*INSTRUCTIONS FOR THE TASK*
Repeat the lines from the one containing "Las ensaladas se" through the end of the listing exactly, both ends included. Do not carry over any pictures.

*EXTRACTED ENTRIES*
+++

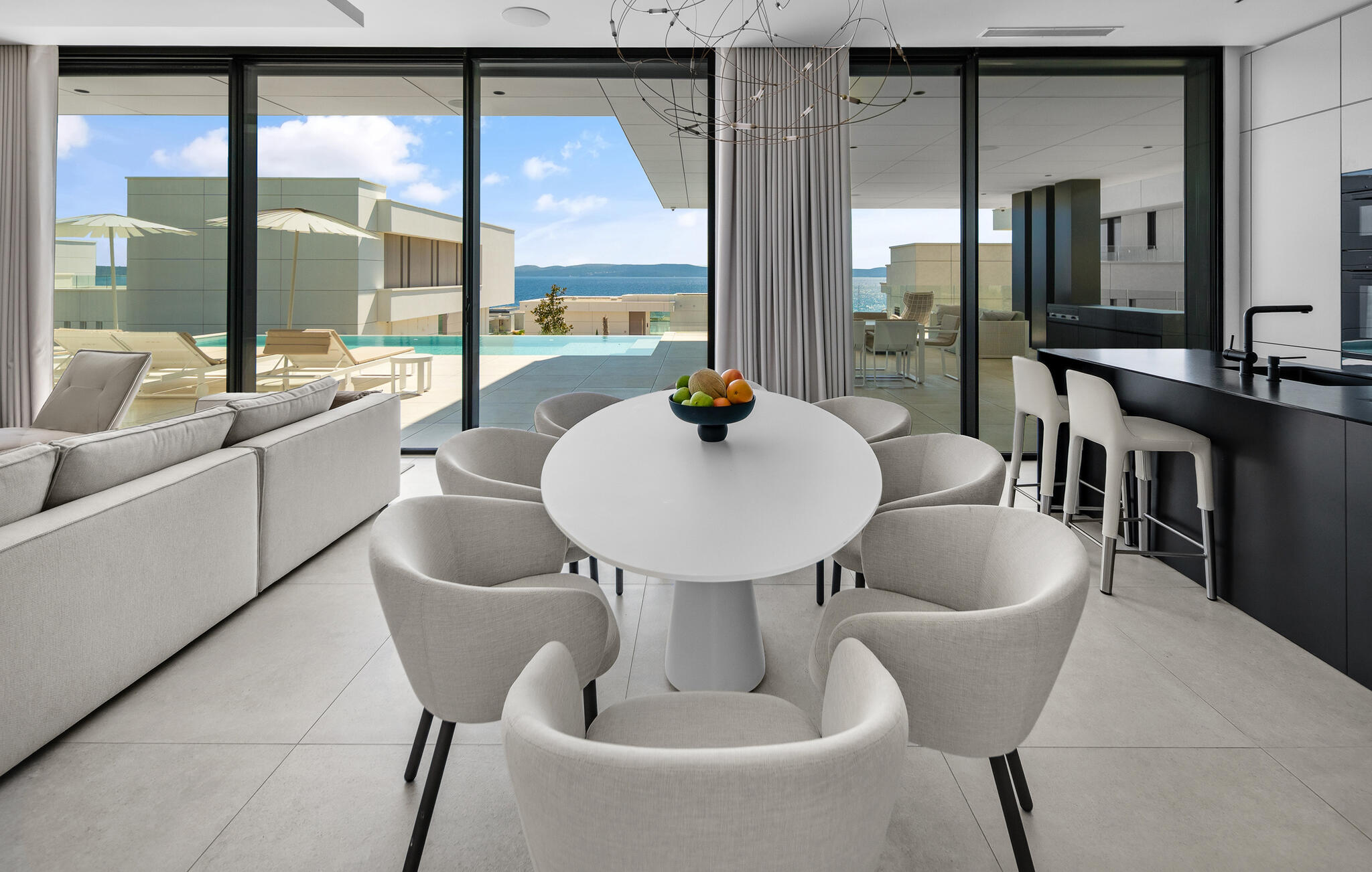 Tauchen Sie gleich morgens in den Pool, schwimmen Sie gemächlich ein paar Bahnen oder spielen Sie eine Runde Wasserball. Frühstücken Sie auf der Terrasse und genießen Sie die leichte Brise, die vom Meer herüberweht. Lehnen Sie sich behaglich auf einer Sonnenliege zurück, machen Sie ein Nachmittagsschläfchen im Schatten oder lesen Sie ein gutes Buch.
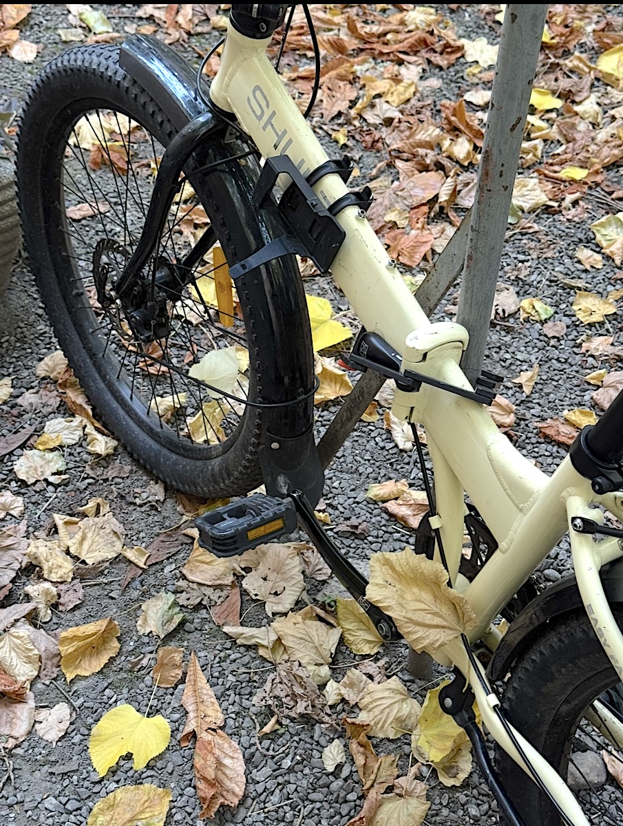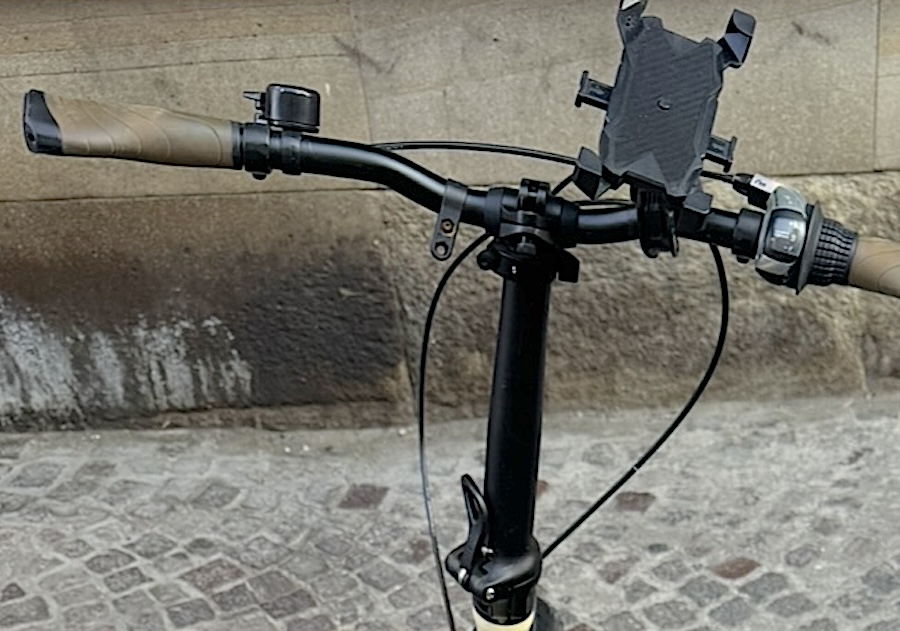 Bici pieghevole Shulz Easy Fat (marca russa), colore panna con dettagli neri e sella marrone in pelle, freni a disco
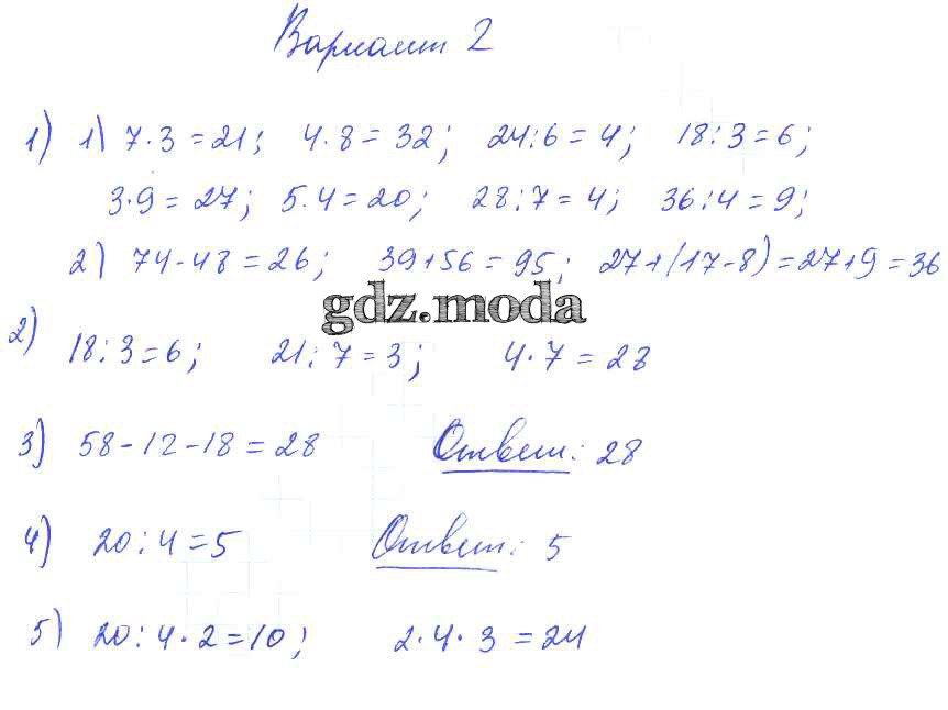 ОТВЕТ на задание № Вариант 2 Контрольные работы по Математике 2-4 класс Волкова Школа России
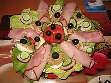 Las ensaladas se presentan con elementos vegetales y cárnicos en forma de vegetales. Las ensaladas de pescado como la Salata de icre
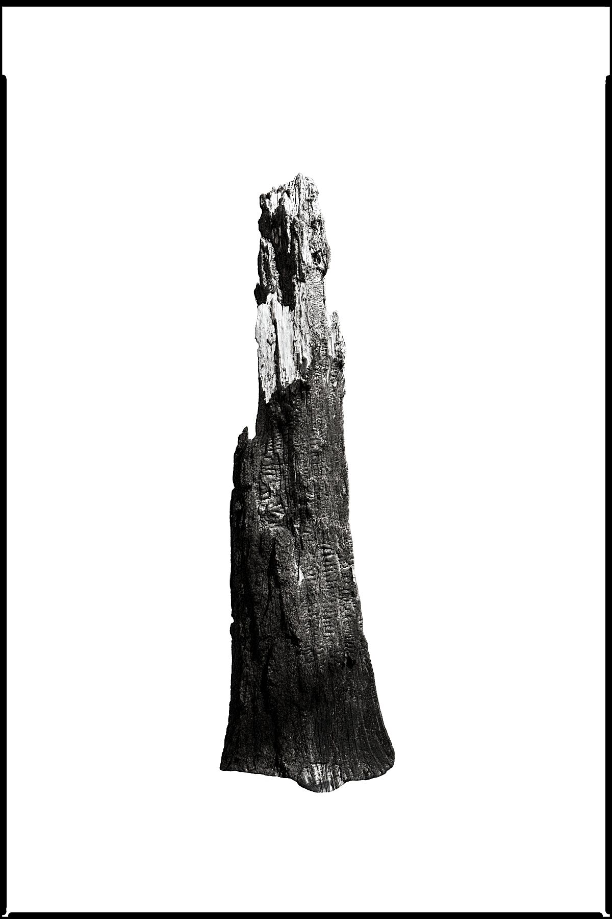 No. 674003: Solid, dark, and heavy, this form anchors the collection with its brooding presence. The rich blacks of the German Etching paper bring out the sorrow in the grain.
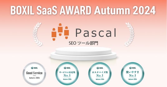 株式会社オロパスが提供するSEOツール「パスカル」は、スマートキャンプ株式会社(以下「スマートキャンプ」)が主催する「BOXIL SaaS AWARD Autumn 2024」のSEOツール部門で「Good Service」「サービスの安定性No.1」「カスタマイズ性No.1」「使いやすさNo.1」に選出されたことをお知らせします。

+++

*TASK OUTPUT*
 Las ensaladas se presentan con elementos vegetales y cárnicos en forma de vegetales. Las ensaladas de pescado como la Salata de icre
 No. 674003: Solid, dark, and heavy, this form anchors the collection with its brooding presence. The rich blacks of the German Etching paper bring out the sorrow in the grain.
 株式会社オロパスが提供するSEOツール「パスカル」は、スマートキャンプ株式会社(以下「スマートキャンプ」)が主催する「BOXIL SaaS AWARD Autumn 2024」のSEOツール部門で「Good Service」「サービスの安定性No.1」「カスタマイズ性No.1」「使いやすさNo.1」に選出されたことをお知らせします。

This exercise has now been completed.